- Born: July 19, 1954 Barre, Vermont, U.S.
- Died: October 12, 2024 (aged 70)
- Genres: Native American music
- Instrument: Flute
- Years active: 1990–2024
- Label: Zackbar
- Website: Gary Stroutsos

= Gary Stroutsos =

American flute player (1954–2024)

Gary Stroutsos (July 19, 1954 – October 12, 2024) was an American flute player based in Seattle, Washington, who played a variety of genres of music. He made his mark by tapping into the Native American canon, and brought several forgotten songs to life. He played a variety of different flutes from all around the world, and in unusual settings.

Stroutsos played and collaborated with many recognized musicians. Danilo Lozano, Jonn Serrie, William Eaton, Glen Velez, David Lanz, James Newton, Poncho Sanchez and Michito Sanchez to name a few.
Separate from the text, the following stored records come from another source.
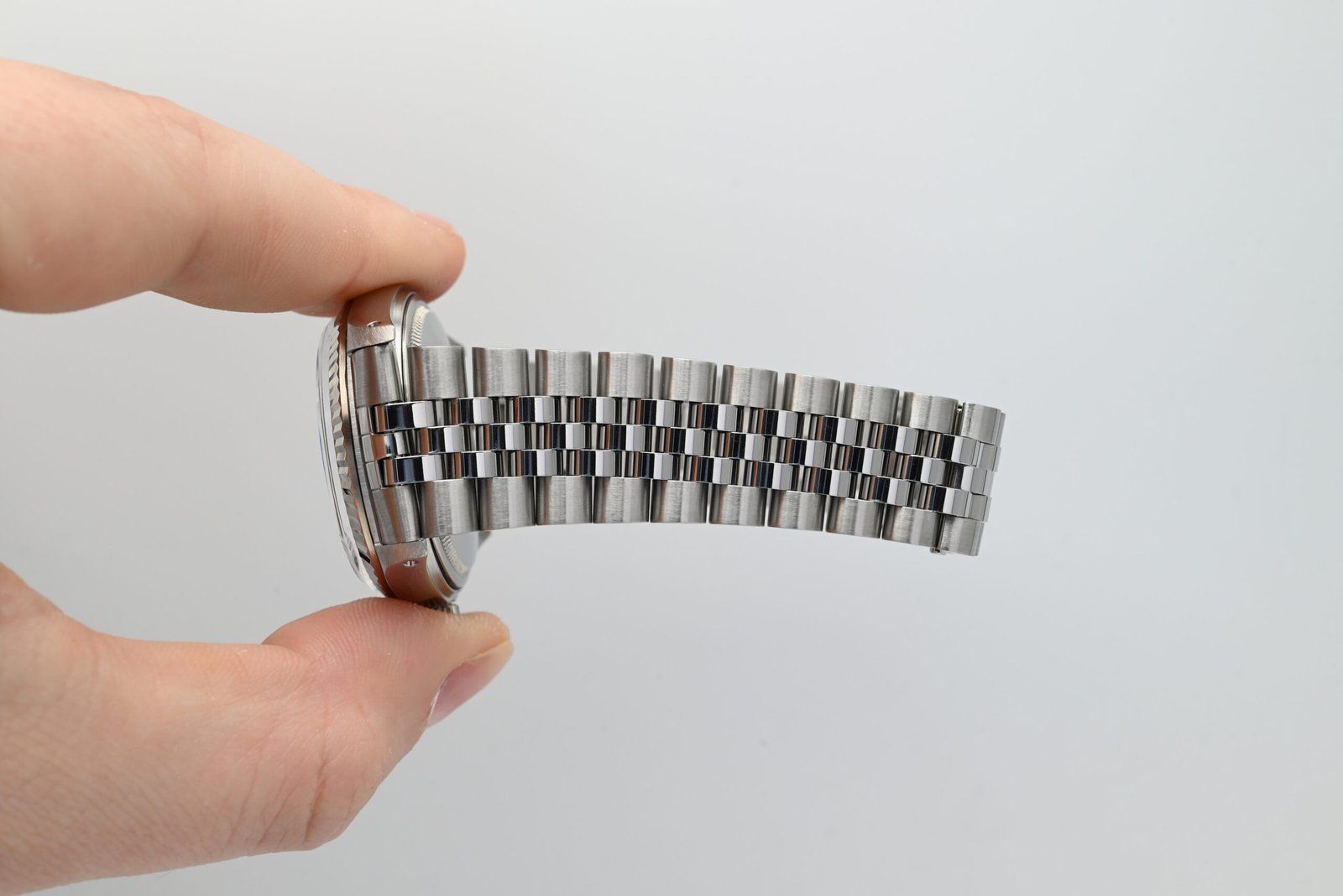 - Légères traces d’usure telles que de fines rayures ou micro-rayures. Le boîtier, la lunette et le bracelet conservent leurs arêtes nettes et leur forme générale. Peut avoir été poli professionnellement sans altérer les contours d’origine. Entièrement fonctionnelle mécaniquement.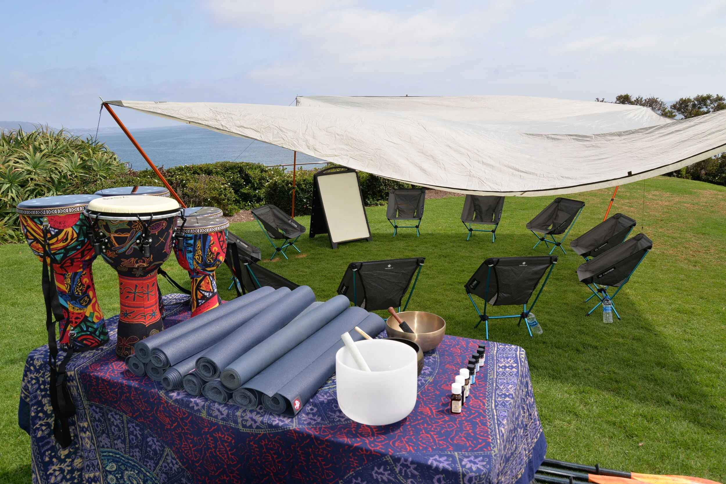 We provide everything: seating, shade, snacks, beverages, meals, and permits if necessary. Plus gear for hiking, biking and kayaking. Also challenges, games, activities, arts, wellness and mindfulness training.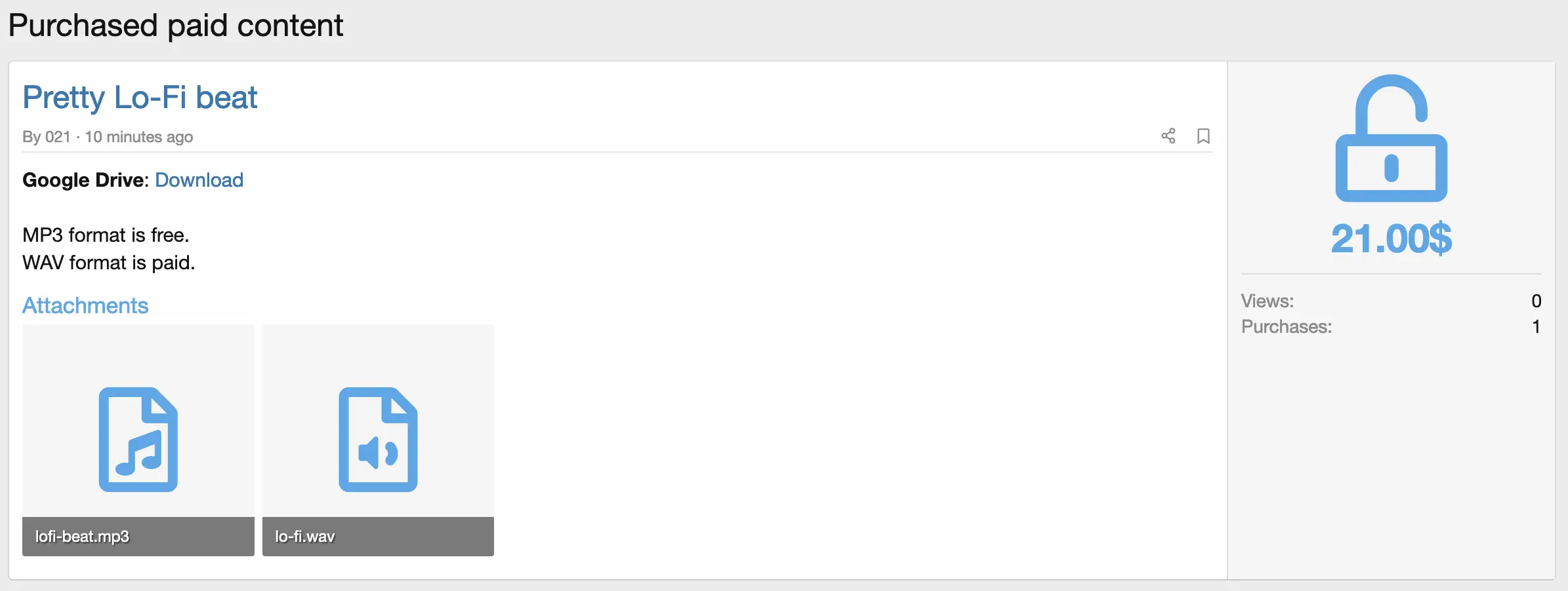 Это работает очень просто: вам нужно поместить контент, который вы хотите скрыть (ссылку на скачивание, важную информацию, прогноз на матч и т.д.), Под HIDDEN тегом, установить цену и получать оплату за каждый просмотр вашего контента. Таким образом, вы можете скрывать не только текст, но и вложения, для чего на каждом вложении есть кнопка (Примечание: предварительные просмотры изображений, которые были скрыты таким образом, все равно будут доступны).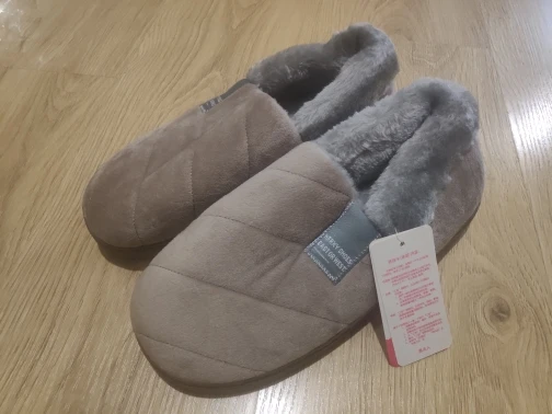 получил тапки, качество хорошее за эту цену, но есть нюансы: цвет ткани светлее, чем на фото в описании. Ткань с ворсом и на тапках пошита в разные стороны, от этого кажется, что тапки сшиты из разной ткани или разного цвета. Подошва тонкая, простой пластик, стучит по ламинату, насколько хватит посмотрим, жена заказывала на дачу, пойдет. Заказали 41 размер, носит 38-39 (245мм) подошли хорошо.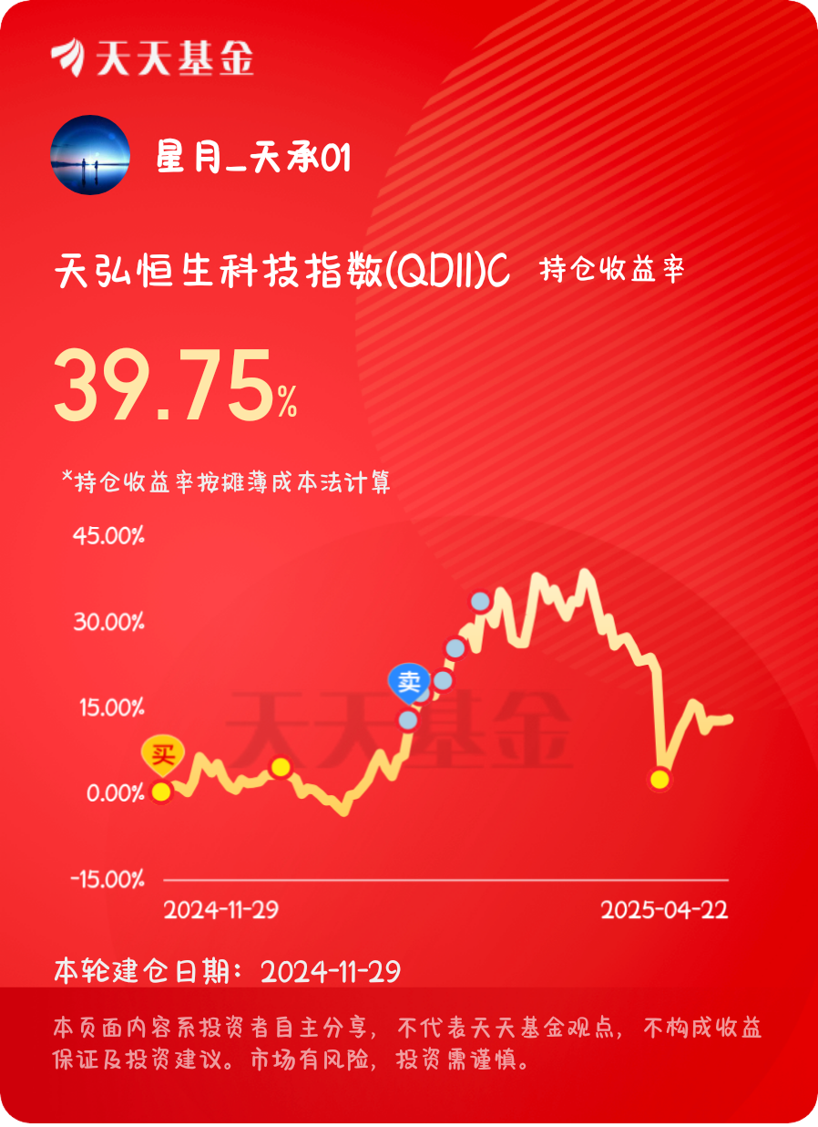 若追求安全性,每一次上车机遇都是可遇而不可求,在下也从不奢求,得之幸也,失之便是无缘,何须患得患失。但机遇若现,便要把握!(说得简单,但4.7日敢于逆势抄底的玩家又有多少呢?正如同暴涨时大部分玩家亦不舍得分批止盈一般。捕获机遇,高抛低吸,落子便无悔,盈利便是如此简单。)(只做笔记,不做推荐,操盘有风险,不要乱跟哦)$天弘恒生科技指数(QDII)C$ #晒收益#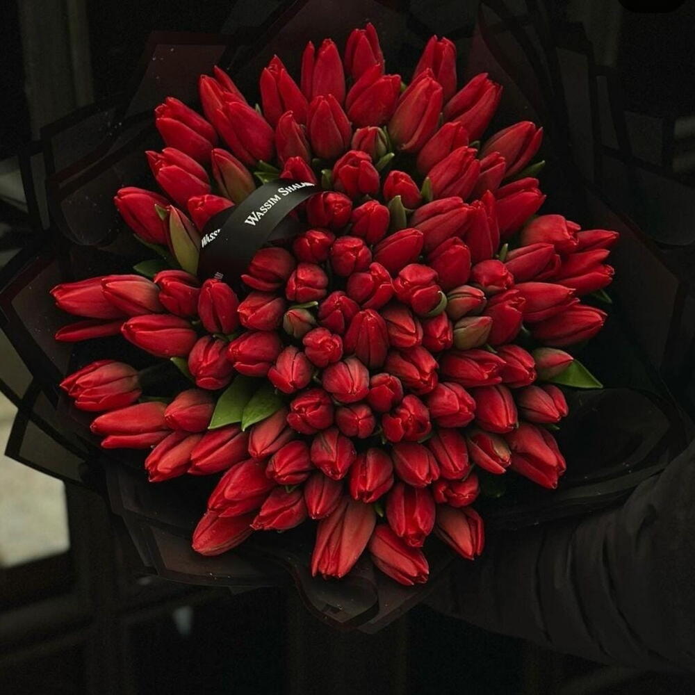 A breathtaking 99-piece tulip bouquet, carefully curated to deliver a harmonious blend of colors and varieties. This exquisite arrangement exudes natural beauty, making it a perfect gift or centerpiece for any occasion. Each tulip, with its graceful petals, contributes to a stunning ensemble that captures the essence of spring in a captivating display.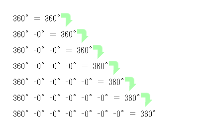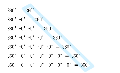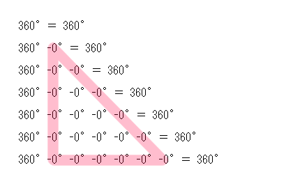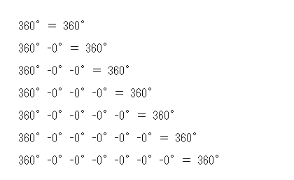 | 算数版の式 360°の ルイゲン 6 ÷ 2 = X なら ① わられる数(任意の数:例 6 ) を いったん 360 にする。。 ② カクド単位の 【 °(ど)】をつける ③ わる数 を 比率倍 する ④ カクド単位の 【 °(ど)】をつける 6 を 60 倍 したから 2 も 60 倍 する 360°÷ 120°= この方法で 3 がもとまる 6 ÷ 2 = 3 が、(この形式ではゼロ除算におうじられないので) 360°÷ 120°⇒ これを ルイゲン で あらわす 360°-120°-120°-120°= 0° -120°を【 3回 】おこなったから 360°÷ 120°= 3 もし 123.4 ÷ 30.85 なら ⇒ わられる数 を 360°に するために わる数 と わられる数を 2.917倍する 360°÷ 90°= X 360°-90°-90°-90°-90°= 0° -90°を【 4回 】おこなったから X = 4 算 数 版 の 式 この方法 を ゼロ除算につかってみる 6 ÷ 0 ⇒ 360°-0°(-0°-0°-0°…)= 360° = 0° あとは 【 回数 】の カウント方法 ( 上の表 ) の 主張する 【 説 】 によって その 答 がかわる |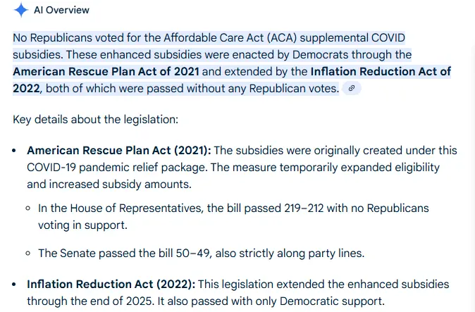 Temporary subsidies for COVID were added to the existing subsidies in 2021, again voted for by not a single Republican.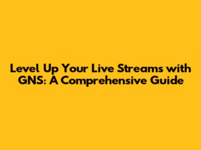 Level Up Your Live Streams With GNS: A Comprehensive Guide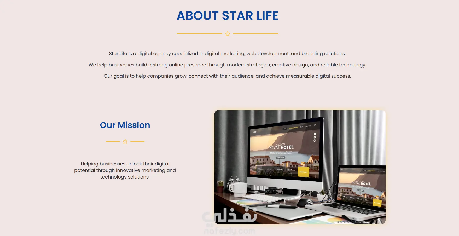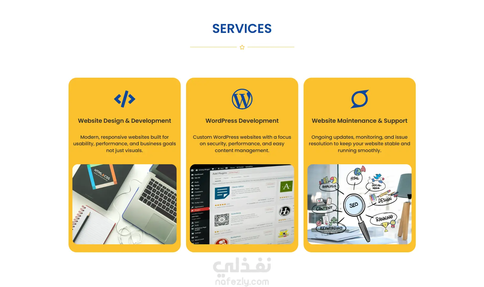 الهدف من الموقع كان إنشاء صفحة واحدة منظمة تعرض الخدمات بشكل احترافي،
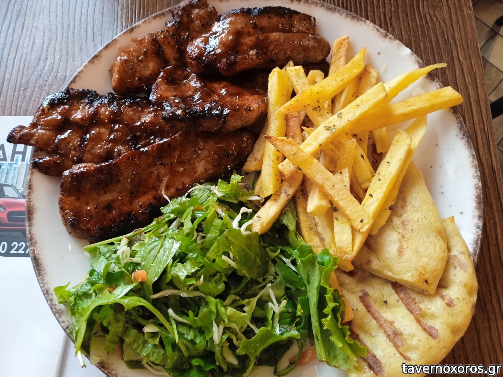 Ιούλιος 2025, άτομα 5, πήραμε 1 ντοματοσαλάτα, 1 τζατζίκι, 1 κοπανιστή, 1 τυροπιτάρι, 1 λουκάνικο, 1 μπιφτεκάκια, 1 πανσέτες, 1 χοιρινά σουβλάκια, 1 πατάτες τηγανητές φρέσκιες, ½ κιλό "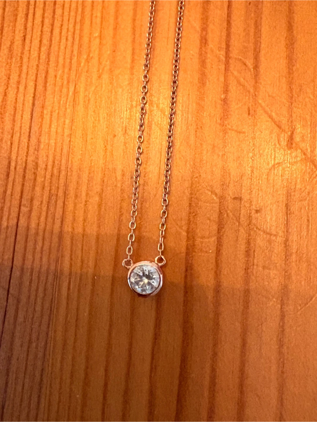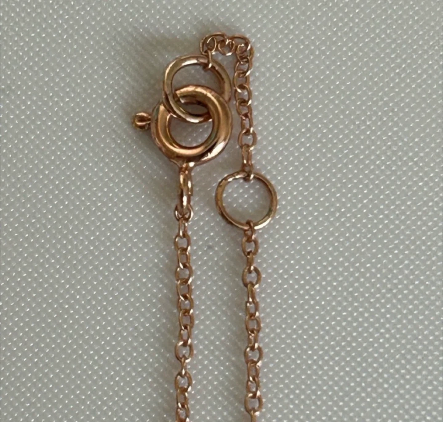 Brand new, never used. 14k ROSE GOLD plated over 925 sterling silver (base mental, so NOT just costume jewelry), with a good sized cubic zirconia pendant, and measures 16.5” end to end, with adjustable chain at 16” as well.

He was of Greek-Italian descent.

Noted flute maker Vance Pennington has constructed a Gary Stroutsos signature version of the Xiao, a flute that Stroutsos has introduced to Native American music.

Stroutsos died on October 12, 2024, from multiple system atrophy, a rare neurological disease that essentially deteriorates the brain and body functions it controls. He was 70.